Gold miner Newmont has opted to put an investment decision on hold for its Yanacocha sulphides project in Peru, part of its planned expansion of the mine to extend its lifespan beyond 2040.
The company said it will now make its full-funds decision on the project during the second half of 2024, citing the market as well as “the continued war in Ukraine, record inflation rates, the rising prices for commodities and raw materials, prolonged supply chain disruptions and competitive labor markets” for its move.
Newmont said it will continue to manage the Yanacocha operations while simultaneously finding opportunities to enhance operations, including the construction of two water treatment plants. In all, it anticipates an initial spend of about $350 million over the next two years for the asset.
It is setting that into greater motion with the appointment of Dean Gehring as chief development officer – Peru to lead Yanacocha’s operations and the sulphides project.
A 30-year mining industry veteran, Gehring previously managed operations and projects in the United States, Canada, Indonesia, Suriname and Peru, including as the head of Newmont’s South America region. Most recently, he served as Newmont’s executive vice president and chief technology officer.
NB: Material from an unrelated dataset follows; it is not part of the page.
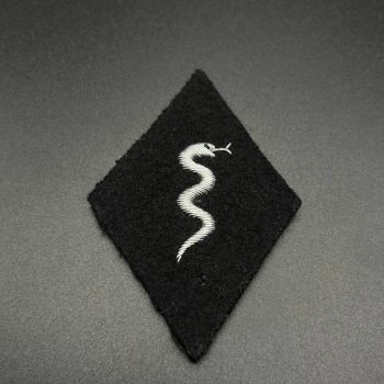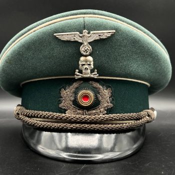 Excellent example of this very desirable visor cap. Made from doeskin wool with very nice white piping and green center band. Has beautiful insignia with cap eagle and skull with cross bones. Interior has a clean tan sweatband and satin lining with a Pekurol marked sweat diamond. The cap shows normal use and wear, but definitely no abuse.

“Newmont has a long history of operating in Peru, and Yanacocha is an important part of Newmont’s world-class portfolio and long-term strategy,” President and CEO Tom Palmer said.
“Dean is uniquely qualified to ensure operational excellence while working closely with government stakeholders, business partners and local communities to manage the development of this project in the current global economic context.”
Yanacocha, located in the province and department of Cajamarca northeast of Lima, is South America’s largest gold mine. It is a joint venture between Newmont (51.35%), Minas Buenaventura (43.65%) and Sumitomo (5%). In production since 1993, the surface mine produces about 270,000 ounces annually.